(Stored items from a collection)
------------------------------------

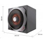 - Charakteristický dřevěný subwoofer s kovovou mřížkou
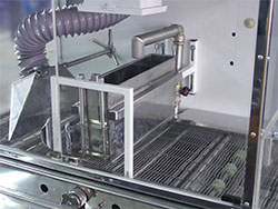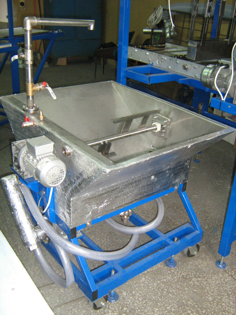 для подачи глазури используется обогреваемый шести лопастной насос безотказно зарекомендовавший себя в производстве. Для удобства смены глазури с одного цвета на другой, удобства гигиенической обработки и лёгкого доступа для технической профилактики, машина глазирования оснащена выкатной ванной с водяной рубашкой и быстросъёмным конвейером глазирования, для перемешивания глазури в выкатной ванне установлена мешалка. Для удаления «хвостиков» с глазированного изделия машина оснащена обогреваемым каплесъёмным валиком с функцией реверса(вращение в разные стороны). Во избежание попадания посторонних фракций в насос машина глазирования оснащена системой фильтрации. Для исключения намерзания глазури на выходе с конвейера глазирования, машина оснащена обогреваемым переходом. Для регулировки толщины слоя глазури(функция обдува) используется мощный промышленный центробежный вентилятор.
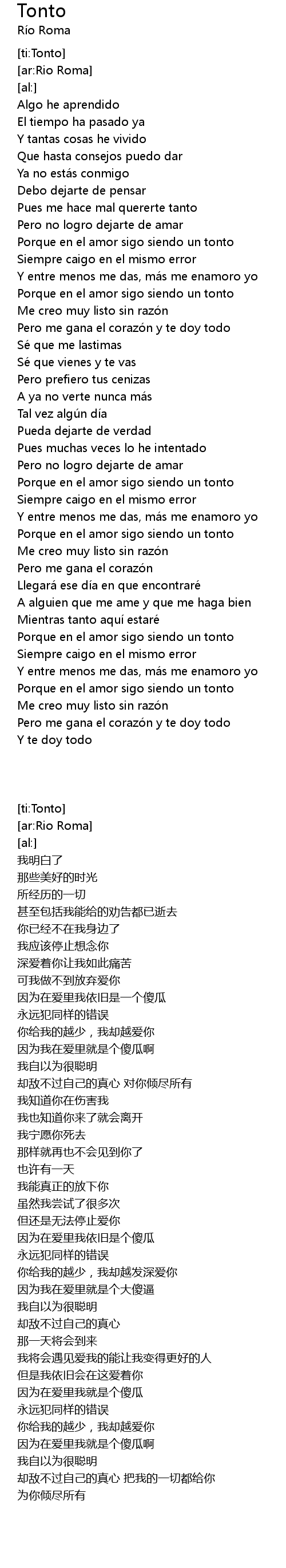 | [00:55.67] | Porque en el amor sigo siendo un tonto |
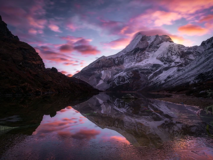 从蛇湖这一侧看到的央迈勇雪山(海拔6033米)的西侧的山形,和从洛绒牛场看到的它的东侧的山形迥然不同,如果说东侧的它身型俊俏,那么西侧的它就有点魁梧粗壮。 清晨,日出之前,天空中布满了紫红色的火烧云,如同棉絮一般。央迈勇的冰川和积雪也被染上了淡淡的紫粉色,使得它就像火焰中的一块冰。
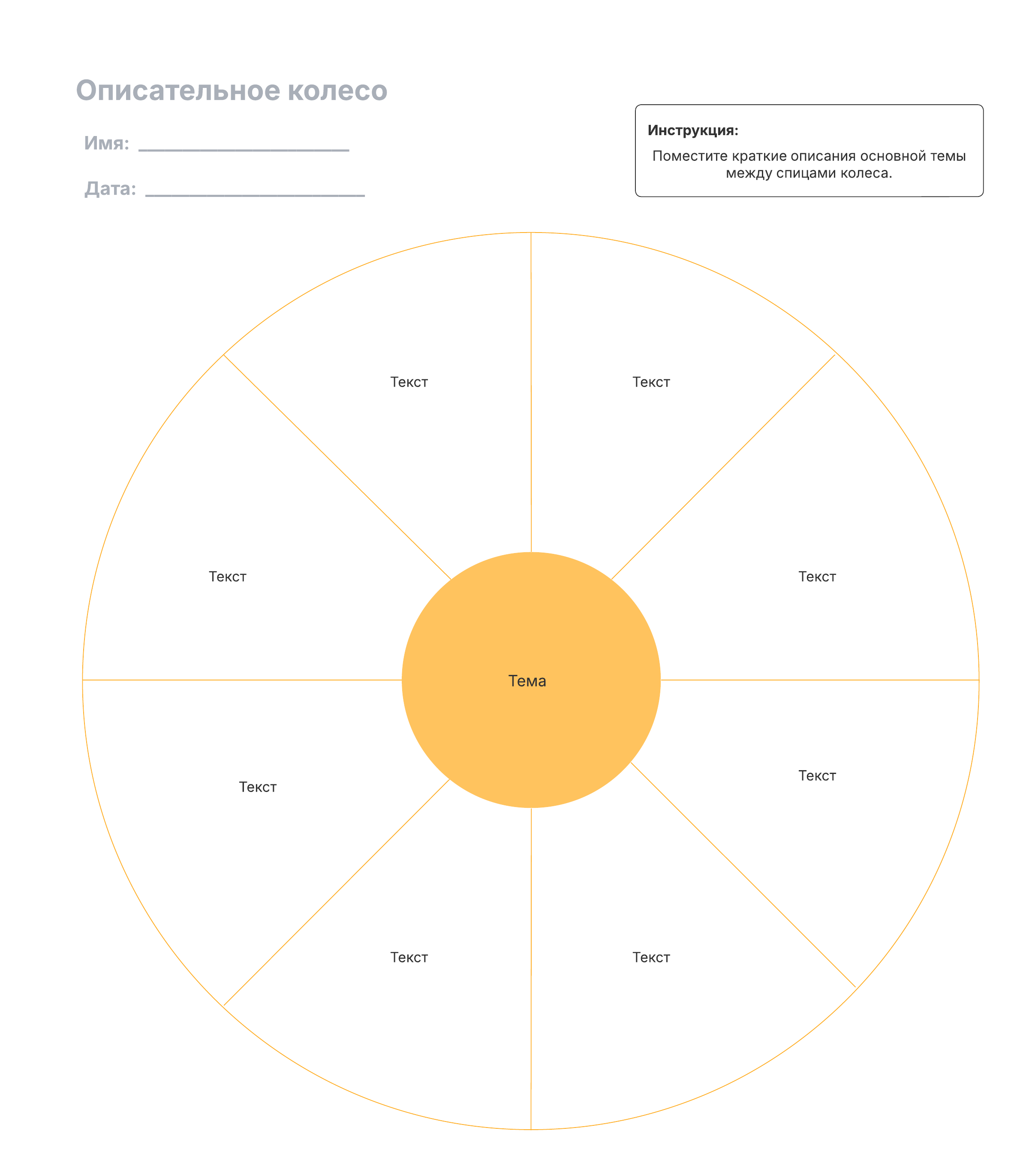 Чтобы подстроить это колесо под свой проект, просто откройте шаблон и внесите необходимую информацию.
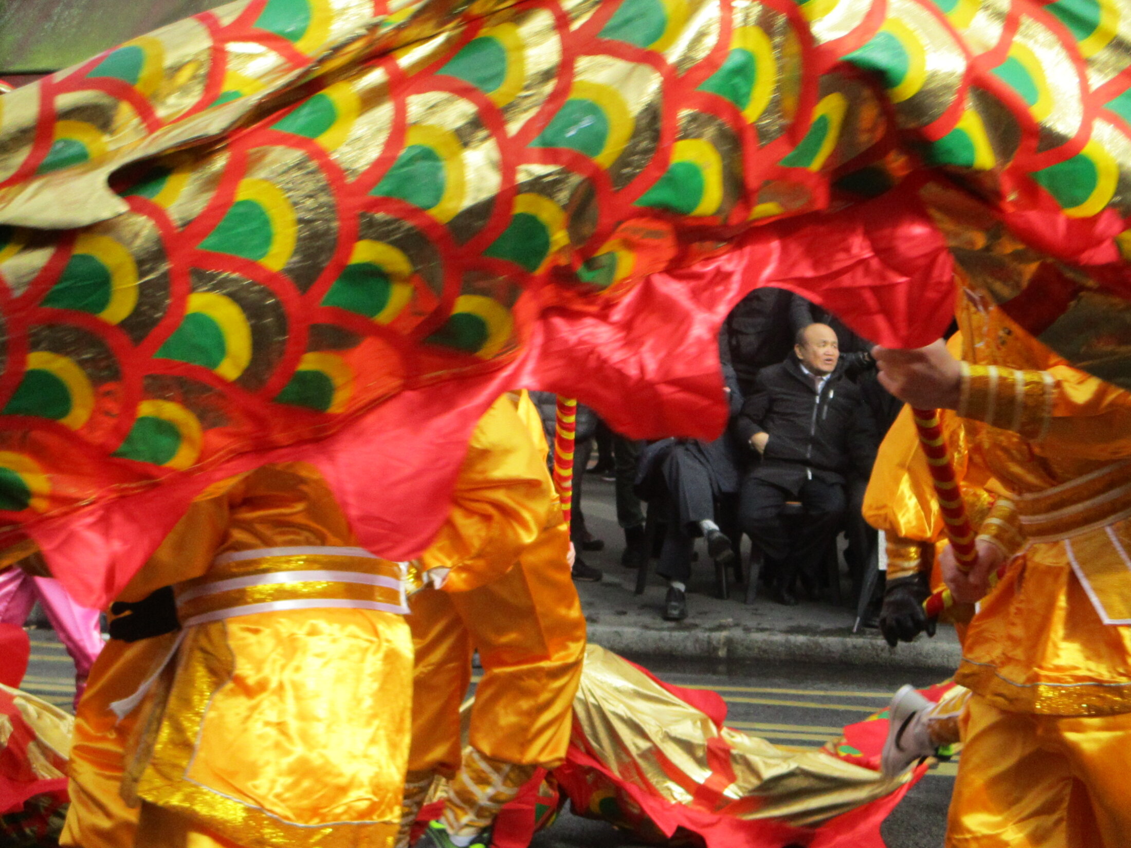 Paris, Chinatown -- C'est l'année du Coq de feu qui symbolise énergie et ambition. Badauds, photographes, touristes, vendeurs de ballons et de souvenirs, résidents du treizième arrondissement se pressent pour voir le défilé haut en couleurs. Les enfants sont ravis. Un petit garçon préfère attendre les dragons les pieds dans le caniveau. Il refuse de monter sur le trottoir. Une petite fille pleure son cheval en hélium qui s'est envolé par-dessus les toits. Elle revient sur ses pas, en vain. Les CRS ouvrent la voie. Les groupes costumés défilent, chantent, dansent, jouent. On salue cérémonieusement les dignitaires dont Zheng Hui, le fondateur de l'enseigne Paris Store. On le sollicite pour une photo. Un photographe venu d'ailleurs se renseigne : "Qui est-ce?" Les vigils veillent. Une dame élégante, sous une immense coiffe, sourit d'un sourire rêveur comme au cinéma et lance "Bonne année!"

------------------------------------

If pictures appear, drop them, and retype exactly the lines from the "Чтобы подстроить это" line through the last line of the data above.

 Чтобы подстроить это колесо под свой проект, просто откройте шаблон и внесите необходимую информацию.
 Paris, Chinatown -- C'est l'année du Coq de feu qui symbolise énergie et ambition. Badauds, photographes, touristes, vendeurs de ballons et de souvenirs, résidents du treizième arrondissement se pressent pour voir le défilé haut en couleurs. Les enfants sont ravis. Un petit garçon préfère attendre les dragons les pieds dans le caniveau. Il refuse de monter sur le trottoir. Une petite fille pleure son cheval en hélium qui s'est envolé par-dessus les toits. Elle revient sur ses pas, en vain. Les CRS ouvrent la voie. Les groupes costumés défilent, chantent, dansent, jouent. On salue cérémonieusement les dignitaires dont Zheng Hui, le fondateur de l'enseigne Paris Store. On le sollicite pour une photo. Un photographe venu d'ailleurs se renseigne : "Qui est-ce?" Les vigils veillent. Une dame élégante, sous une immense coiffe, sourit d'un sourire rêveur comme au cinéma et lance "Bonne année!"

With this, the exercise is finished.